# Non-negative Matrix Factorization

In this post, I will be discussing Non-negative Matrix Factorization (NMF). NMF is a low-rank approximation algorithm that discovers latent features in your data. It is similar to PCA in the sense that they both reduce high-dimensional data into lower dimensions for better understanding of the data. The major difference is that PCA projects data onto a subspace that maximizes variability for the discovered features, while NMF discovers non-negative features that are additive in nature. NMF is formally defined as:

$V \approx W H$

where $$V$$ is a non-negative matrix and both $$W$$ and $$H$$ are unique and non-negative matrices. In other words, the matrix $$V$$ is factorized into two matrices $$W$$ and $$H$$, where $$W$$ is the features matrix or the basis and $$H$$ is the coefficient matrix. Typically, this means that $$H$$ represents a coordinate system that uses $$W$$ to reconstruct $$V$$. We can consider that $$V$$ is a linear combination of column vectors of $$W$$ using the coordinate system in $$H$$, $$v_{i} = Wh_{i}$$.

Here, I will describe two algorithms to solve for NMF using iterative updates of $$W$$ and $$H$$. First, we will consider the cost function. A cost function is a function that quantifies or measures the error between the predicted values and the expected values. The Mean Squared Error (MSE), or L2 loss is one of the most popular cost functions in linear regressions. Given an linear equation $$y = mx + b$$, MSE is:

$MSE = \frac{1}{N}\Sigma_{i=1}^{n}(y_{i}-(mx_{i}+b))^{2}$

For the cost function in NMF, we use a similar function called the Frobenius Norm. It is defined as:

$||A||_{F} = \sqrt{\Sigma_{i=1}^{m}\Sigma_{j=1}^{n} |a_{ij}|^{2}}$

In the case of NMF, we are using the square of the Forbenius norm to measure how good of an approximation $$WH$$ is for $$V$$.

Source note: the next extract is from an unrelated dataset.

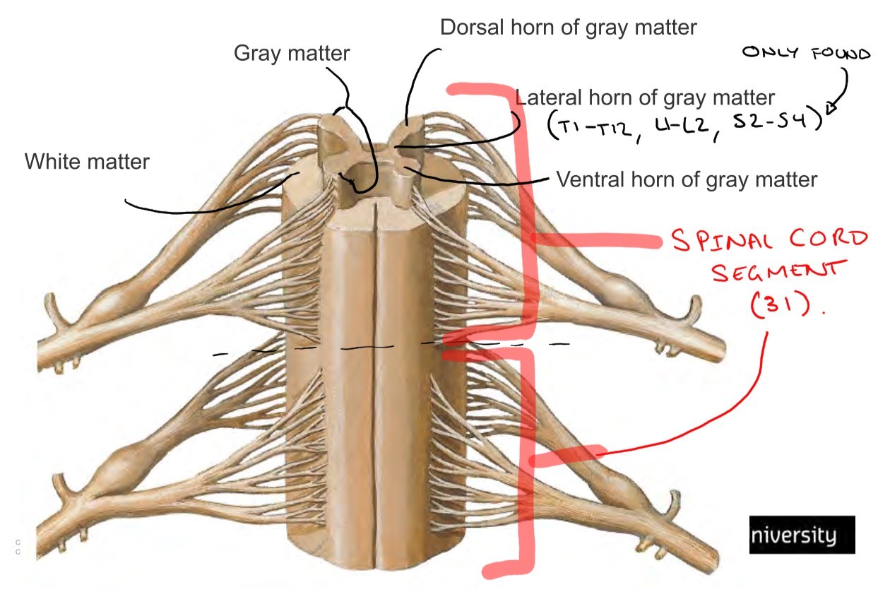 Explain the composition of the white matter to gray matter in the SPINAL CORD. where are the dorsal and ventral horns? There is also another horn present in some spinal cord segments, what is this known as and what segments is it present in?

$||V - WH||_{F}^{2} = \Sigma_{i,j}(V - WH)^{2}_{ij}$

We can see that as $$WH$$ approaches $$V$$, then the equation will slowly converge to zero. Therefore, the optimization can be defined as the following:

Minimize $$||V - WH||_{F}^{2}$$ with respect to $$W$$ and $$H$$, subject to the constraints $$W,H \ge 0$$

In the paper by Lee & Seung, they introduced the multiplicative update rule to solve for NMF. Please see their original paper for details on the proof. Essentially the update causes the function value to be non-increasing to converge to zero.

$H_{ik} \leftarrow H_{ik}\frac{(W^{T}V)_{ik}}{(W^{T}WH)_{ik}}$

$W_{kj} \leftarrow W_{kj}\frac{(VH^{T})_{kj}}{(WHH^{T})_{kj}}$

Here we will implement NMF using the multiplicative update rule. To get started, make sure you have installed both R and RStudio. In addition, we will also be using the package NMF to benchmark our work.

Here I write a function to solve for NMF using the multiplicative update rule. I added a delta variable to the denominator update rule to prevent division by zero. K specifies the column length of $$W$$ and the row length of $$H$$. K can also be considered as the number of hidden features we are discovering in $$V$$. K is less than $$n$$ in a $$n \times m$$ matrix. After iterating for x number of steps, the function returns a list containing W and H for $$W$$ and $$H$$ respectively.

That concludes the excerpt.